I have an uncle in my family who several decades ago, having had two beautiful children with his wife, decided to have a vasectomy. This male sterilization operation, which 7.4% of men end up regretting (Hum Reprod study, 2018), consists of cutting and blocking the vas deferens that transport sperm from the testes. A bit like a pipeline whose supply is drying up.

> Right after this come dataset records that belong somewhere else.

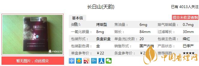 以上便是由香煙網(wǎng)小編為大家介紹的關(guān)于長白山天韻多少錢一包 長白山天韻口感及參數(shù)介紹的相關(guān)信息,想要了解更多有關(guān)內(nèi)容請點擊:白沙硬細(xì)支和氣生財好抽嗎 和氣生財價格及參數(shù)介紹
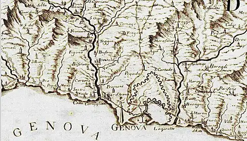 - ^ a b italiano, Touring club (2001). Liguria: Genova, le valli, i borghi interni, l'Alta Via dei Monti Liguri, le Riviere di Levante e Ponente (in Italian). Touring Editore. ISBN 978-88-365-1871-5. Archived from the original on 20 August 2024. Retrieved 15 June 2023.
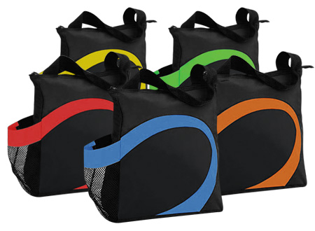 Cooler modelo "Wave". Tela exterior Polyester 70D/PVC. Tela interior plateada aislante 15C PEVA + relleno 3mm esponja PE. Cierre cremallera superior. Incluye bolsillo lateral en tela malla.
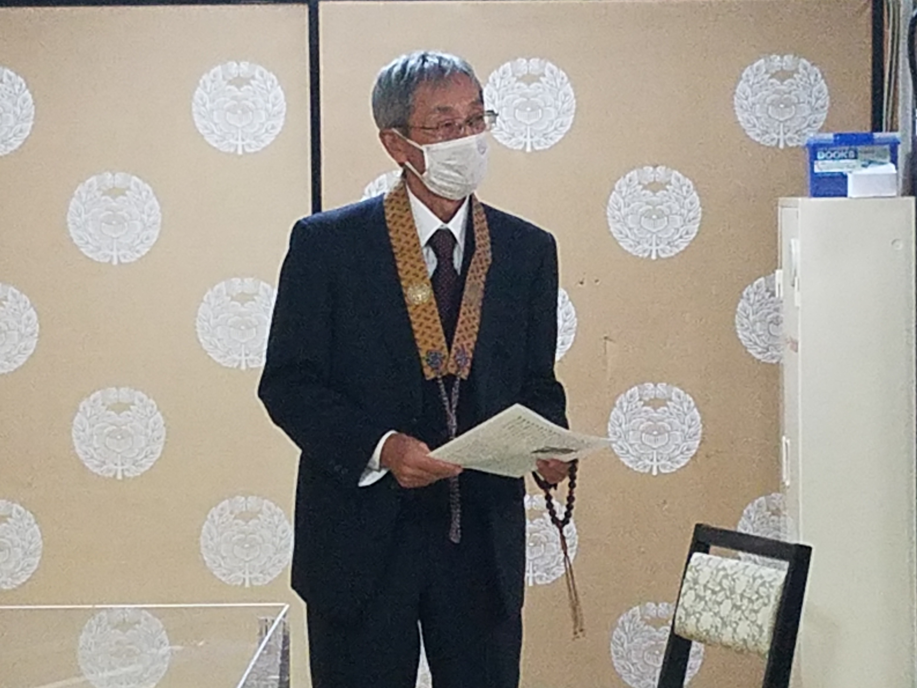 ↑お礼の言葉 藤田輿史雄氏(当寺 門徒総代長)
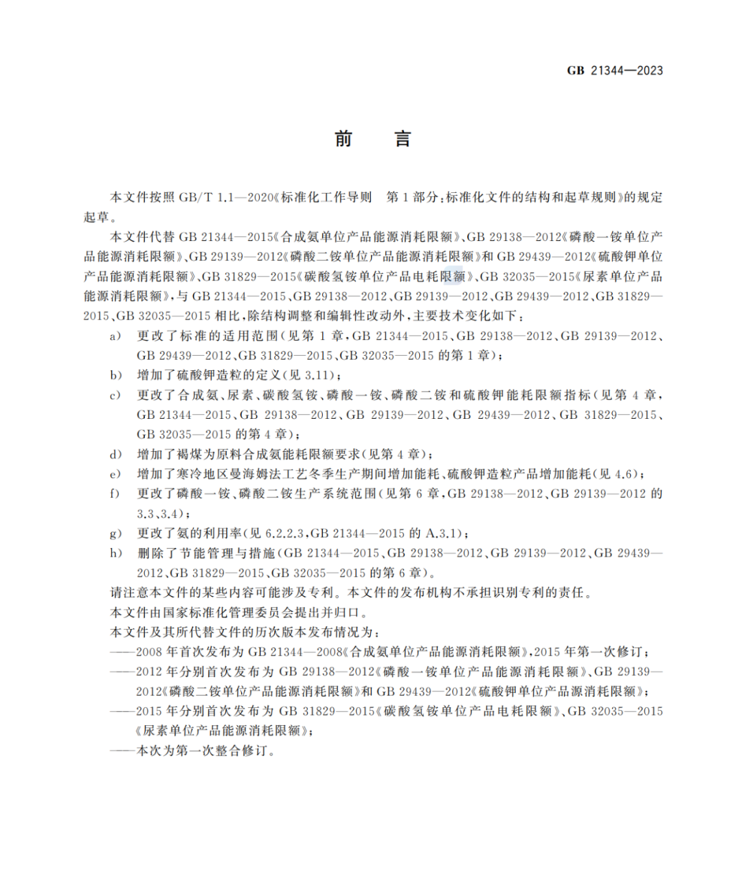 化肥行业单位产品能源消耗限额

In those distant days (we were in the late 1980s, people watched Dallas), the thing seemed relatively incongruous. While virility and the power to seed were still closely linked, the gesture of this proud Iberian who is my uncle had something avant-garde, without taking on any overtly political connotation. “I didn’t want my wife to bear all the weight, that’s all”, he says today, without too many frills.
Do your part
Faced with this choice, the questions of those around him (mine, in this case, then in the midst of a teenage crisis) revolved around questions that were sometimes pragmatic, sometimes a bit crazy: does it hurt? Deprived of supply, does not the penis risk turning into an equivalent of a bicycle pump?
Information taken, this operation, carried out in a few minutes under local anesthesia and which becomes effective after eight to sixteen weeks, in no way hinders ejaculation, the sperm constituting only a small part of the expelled liquid. No loss of desire, nor erectile dysfunction either. ” I have no regrets. In addition, I never had to undergo a negative reaction after that “, relates today this uncle, feminist in his own way.
But, beyond this anecdote, are things that simple? In fact, until recently, someone who opted for a vasectomy (“vasectoquoi ?!”) was often considered as a testicular Jason who undertook to ratiboiser all his virile power on his own. A sort of madman committing a crime of lese majesty against the almighty phallus.
While some physicians still attempt to discourage applicants today, the definitive nature of this surgical practice is scary. Even if there is an operation to reconstruct the vas deferens, vasovasostomy, the possibility of reversing the process is not guaranteed. Hence, in France, an incompressible reflection period of four months between the first appointment with the andrologist and the operation.